Salzburg - Ob Löwe, Leopard, Nashorn, Elefant, oder Eisbär - auf der Salzburger Jagdmesse "Hohe Jagd und Fischerei" können Hobbyjäger den Abschuss von gefährdeten Arten buchen. Von Tier- und Artenschutzorganisationen werden diese Jagdsafariangebote heftig kritisiert. Die Veranstalter betonen, die Reisen seien unbedenklich für den Bestand der Tiere und würden sogar zum Artenschutz beitragen.

Beinahe jedes Tier, das auf der Roten Liste gefährdeter Arten der Weltnaturschutzunion (IUCN) steht, kann in manchen Ländern legal gejagt werden. Auch österreichische Hobbyjäger lassen sich die exklusiven Jagdsafaris oft zehntausende Euro Kosten, um eine Trophäe als Souvenir mit nach Hause zu nehmen. "Durch die Großwildjagd werden gefährdete und international geschützte Arten weiter dezimiert", kritisiert Daniela Freyer von Pro Wildlife.

"Unbedenklich für den Bestand"

Die Vorwürfe der Tierschutzorganisationen seien "unsachlich", kontert Michael Lüke, Geschäftsführer des Jagdreiseveranstalters Blaser Safaris.

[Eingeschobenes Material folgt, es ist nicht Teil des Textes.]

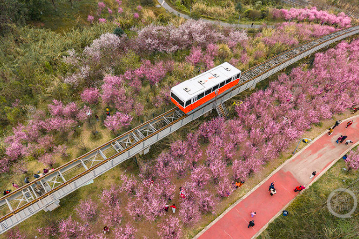 春暖山城,花开礼嘉。高空俯瞰,时光缆车如约驶过绚烂花海,像一条流动的彩线。花丛间,游人的欢声笑语此起彼伏,与春光共舞。不负这场春暖花开之约,将这份春天的生机与温暖,化作春日里最长久的珍藏。

Die Großwildjagden seien "unbedenklich für den Bestand", weil nur ältere Tiere gejagt werden. Der Bestand von Nashörnern etwa sei durch die Jagd sogar wieder aufgebaut worden, da die Tiere auf eigens eingerichteten Jagdfarmen von Jägern geschützt würden.

"Die Trophäenjäger haben es auf die stärksten und größten Exemplare abgesehen - und damit auf die für die Fortpflanzung wichtigsten Tiere", kritisiert Freyer von Pro Wilflife. Werde etwa ein männlicher Löwe im besten Fortpflanzungsalter getötet, übernimmt ein jüngeres Männchen das Rudel. Der neue Rudelchef tötet die vom Vorgänger gezeugten Jungen.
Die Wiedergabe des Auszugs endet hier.